Mitchell’s final option--the least costly--would reduce the ratio of employer-employee contribution for all firms from the 80-20 formula proposed by Clinton to 50-50. That would put a greater burden on individuals, with families paying as much as 6% of their incomes for health benefits, compared to 3.9% under the Clinton plan.
All three efforts to ease the burden on small businesses raise new problems, Mitchell noted in his presentation at the Democratic Caucus weekly luncheon.
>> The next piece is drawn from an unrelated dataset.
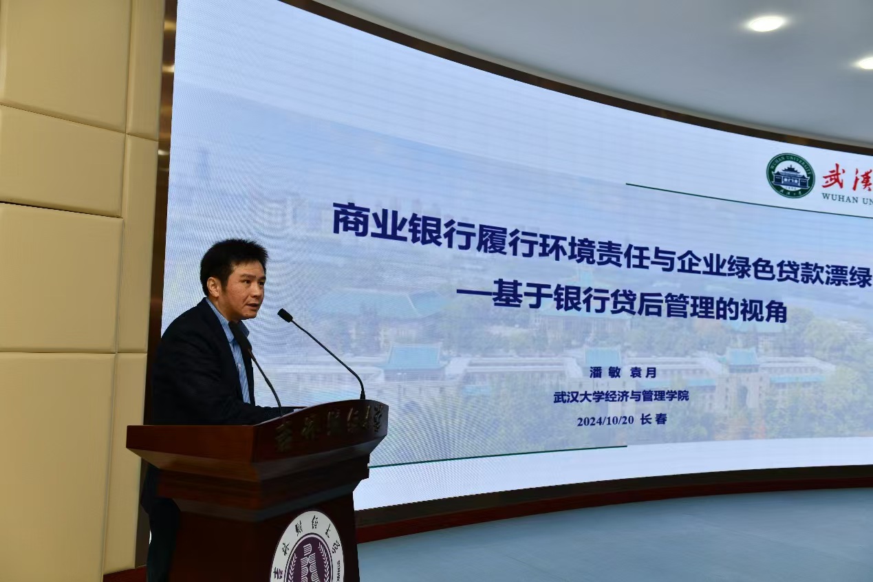 武汉大学金融发展与政策研究中心主任潘敏教授就“商业银行履行环境责任与企业绿色贷款漂绿——基于银行贷后管理的视角”为题进行报告,他指出商业银行承担环境责任能够显著抑制企业绿色贷款的漂绿行为,强调严格的绿色信贷贷后管理,是商业银行履行环境责任、监督借款企业按照约定使用绿色贷款资金的关键,同时也提出绿色标准的明晰、央行对绿色贷款贷后管理的激励约束可以对漂绿行为进行有效制约。

Among them: encouraging large firms to splinter into smaller ones whose health costs would be lower, increasing the complexity of administering the system and shifting costs and raising the program’s price tag.
Moreover, a massive survey released Tuesday by the U.S. Chamber of Commerce underscored how difficult it will be to persuade businesses to support any government requirement that they pay part of their workers’ health insurance premiums.
Nearly 40,000 employers, 75% of whom are small business owners, responded to the survey and 71.2% said that an employer mandate is “unacceptable.”
As a result, chamber officials said, the organization intends to be “extremely active” in fighting such an employer mandate--a key element in Clinton’s reform agenda as well as in a variety of competing proposals taking shape in Congress.
“We will be pushing hard--opposing mandates,” said Richard L. Lesher, president of the nation’s largest business group, which has 220,000 members. That opposition, he said, would include even a mandate with a 50-50 split between employer and worker.
The survey found that 55.3% of respondents oppose the notion that all Americans should have guaranteed coverage--Clinton’s one non-negotiable goal. As a result, Lesher said, the chamber will continue its current “suspension” of support for universal coverage.